Description of the task - Everything from the first line of the material to the line containing "Следующую страницу книги", inclusive, must be given again exactly; no pictures, and nothing past that line.

======

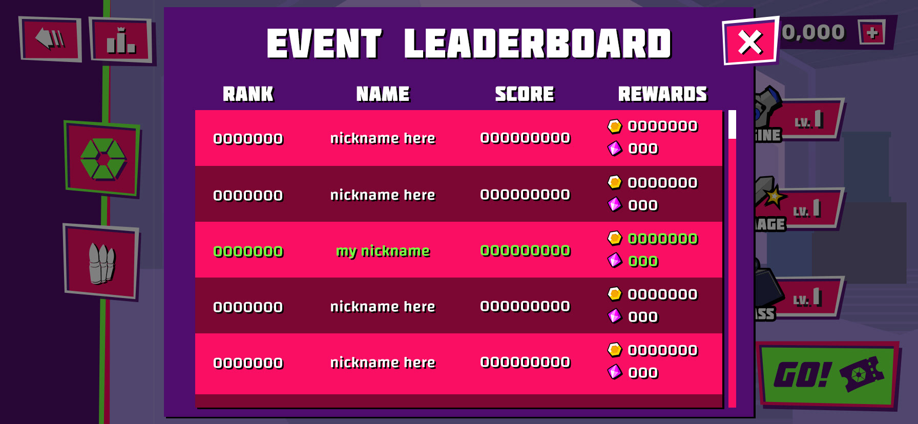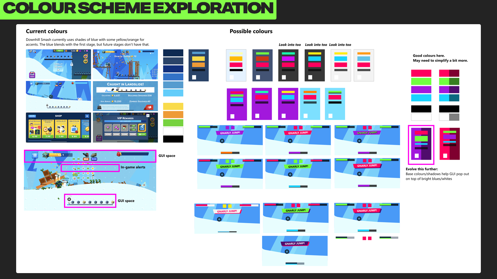 My roles included exploring art styles and colour schemes for the game's UI, creating mockups to show how the new UI style and layouts would look across the entire game, and creating assets to be implemented in Unity.
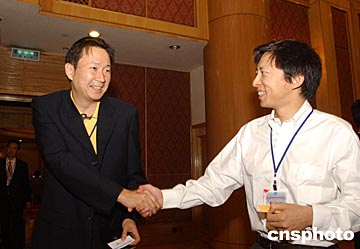 九月二十三日在长沙举行的第二届世界华文传媒论坛上,新浪联席董事长姜丰年(左)与搜狐公司董事局主席兼首席执行官张朝阳相谈甚欢。中新社记者:武仲林
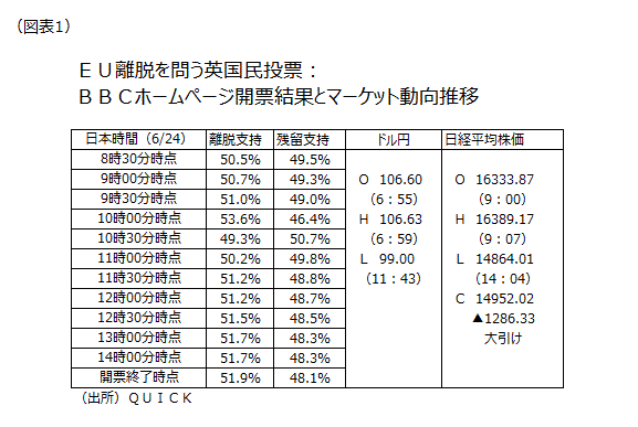 為替変動の1円超の変動日となった回数を数え、東京市場・ニューヨーク市場震源地分析をしてみると、1~3月期は日本株の投資家の外国人比率が高いこともあってニューヨーク市場発のリスクオフの円高の動きが顕著だったが、4~6月期は日銀の金融政策に絡んだ東京市場発によるものが多い。6月中の東京市場発の1円超の円高は、日銀金融政策決定会合で市場の一部で期待された金融緩和が仏滅のジンクス通り実施されなかった16日と、英国国民投票でEU離脱が決まった24日の2回だ。前日の6月23日では東京市場が終わってニューヨーク市場が始まる間に残留見通しから1円超の円安になっていた。6月24日の日本時間の午前中の値幅は7円超で、国民投票開票の結果が予想外の離脱派多数になったため、106円台後半~99円台と乱高下の展開となった(図表1)。半日で昨年の年間変動幅10円の3/4も動いた。
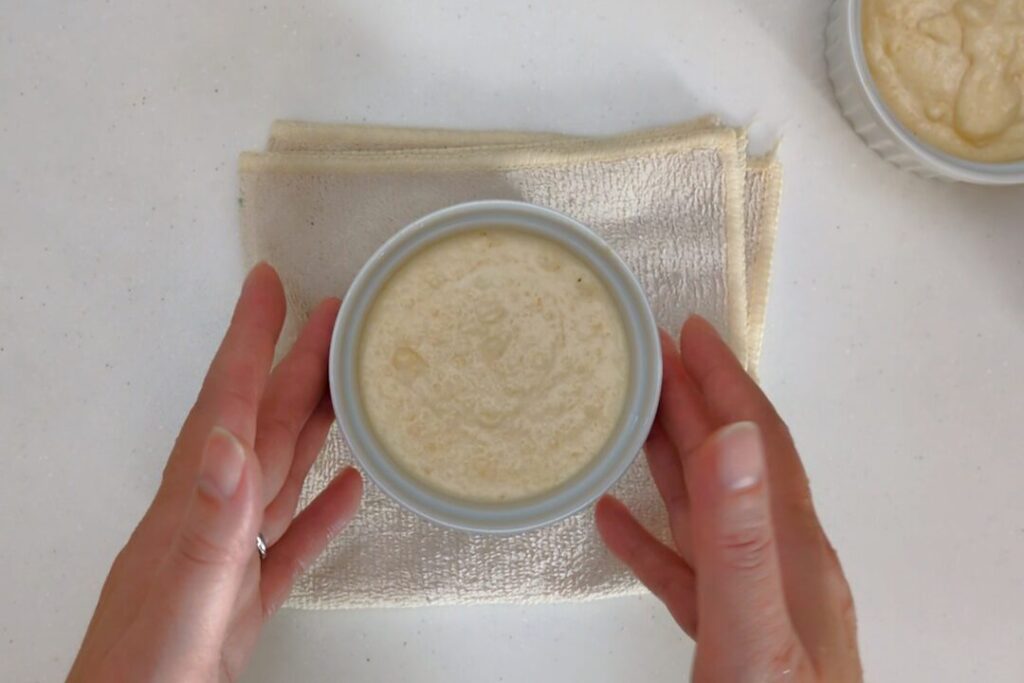 布巾の上でカップを落とすようにトントンして気泡を出していきましょう。
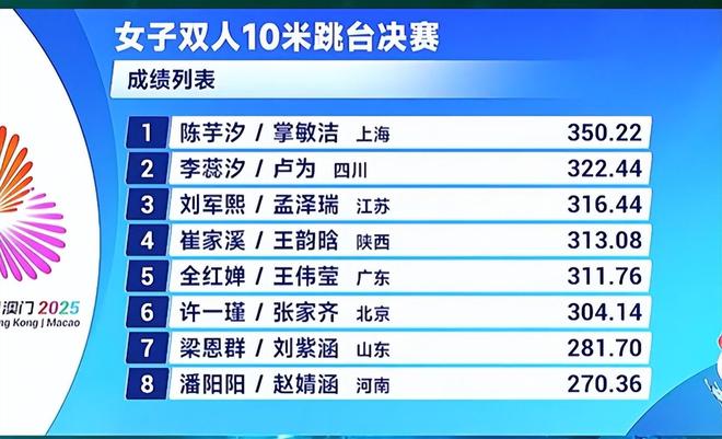 11月6日,2025粵港澳全運(yùn)會(huì)進(jìn)行了雙人女子10米臺(tái)跳水決賽,陳芋汐和掌敏潔聯(lián)手,奉獻(xiàn)了高質(zhì)量的五跳,以350.22分的高分奪冠。全紅嬋和王偉瑩組合311.76分獲得第五,張家齊與許一瑾組
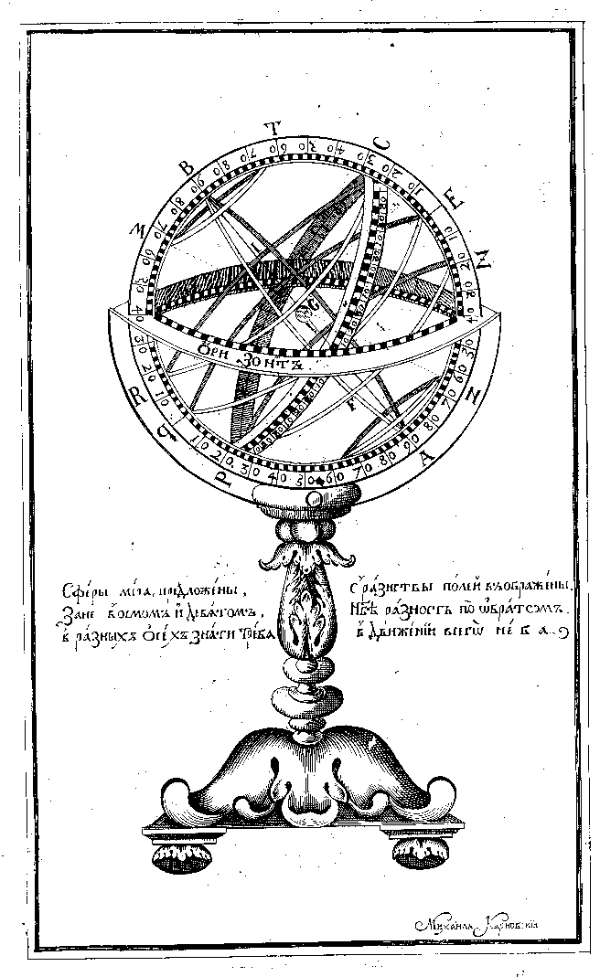 Следующую страницу книги занимает фронтиспис, гравированный на меди известным украинским мастером Михаилом Карновским, перешедшим работать в Москву. Его же работы на двух вклейках (после л. 224 и л. 282) – гравюры на меди: сфера мира (рис.5), под изображением награвировано шестистишие, и “роза ветров” (рис.6) – обе прекрасно выполненные.
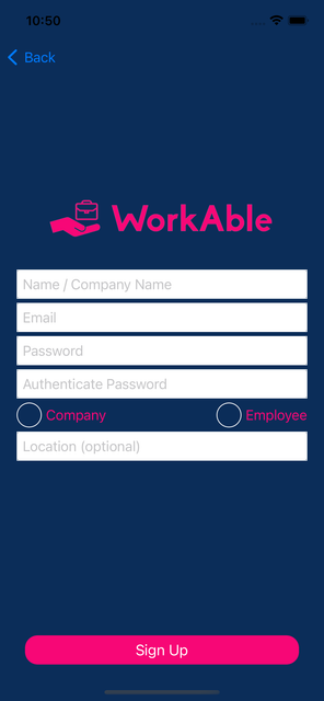 This app is created with Swift to iOS platform using Firebase. Users can sign up as a company or employee, see available opportunities, and apply for them.
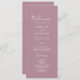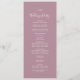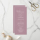 Este programa de casamento de madeiras é perfeito para um casamento de boho. A design apresenta uma simples silhueta verde folha em cor roxa romântica, cor-de-rosa, com estilo minimalista de jardim boêmico. Inclua o nome do casal, a data e o local do casamento, a mensagem do obrigado, a ordem de serviço, a festa de casamento e um memorial "em memória amorosa" opcional.

======

Result of the exercise -
 My roles included exploring art styles and colour schemes for the game's UI, creating mockups to show how the new UI style and layouts would look across the entire game, and creating assets to be implemented in Unity.
 九月二十三日在长沙举行的第二届世界华文传媒论坛上,新浪联席董事长姜丰年(左)与搜狐公司董事局主席兼首席执行官张朝阳相谈甚欢。中新社记者:武仲林
 為替変動の1円超の変動日となった回数を数え、東京市場・ニューヨーク市場震源地分析をしてみると、1~3月期は日本株の投資家の外国人比率が高いこともあってニューヨーク市場発のリスクオフの円高の動きが顕著だったが、4~6月期は日銀の金融政策に絡んだ東京市場発によるものが多い。6月中の東京市場発の1円超の円高は、日銀金融政策決定会合で市場の一部で期待された金融緩和が仏滅のジンクス通り実施されなかった16日と、英国国民投票でEU離脱が決まった24日の2回だ。前日の6月23日では東京市場が終わってニューヨーク市場が始まる間に残留見通しから1円超の円安になっていた。6月24日の日本時間の午前中の値幅は7円超で、国民投票開票の結果が予想外の離脱派多数になったため、106円台後半~99円台と乱高下の展開となった(図表1)。半日で昨年の年間変動幅10円の3/4も動いた。
 布巾の上でカップを落とすようにトントンして気泡を出していきましょう。
 11月6日,2025粵港澳全運(yùn)會(huì)進(jìn)行了雙人女子10米臺(tái)跳水決賽,陳芋汐和掌敏潔聯(lián)手,奉獻(xiàn)了高質(zhì)量的五跳,以350.22分的高分奪冠。全紅嬋和王偉瑩組合311.76分獲得第五,張家齊與許一瑾組
 Следующую страницу книги занимает фронтиспис, гравированный на меди известным украинским мастером Михаилом Карновским, перешедшим работать в Москву. Его же работы на двух вклейках (после л. 224 и л. 282) – гравюры на меди: сфера мира (рис.5), под изображением награвировано шестистишие, и “роза ветров” (рис.6) – обе прекрасно выполненные.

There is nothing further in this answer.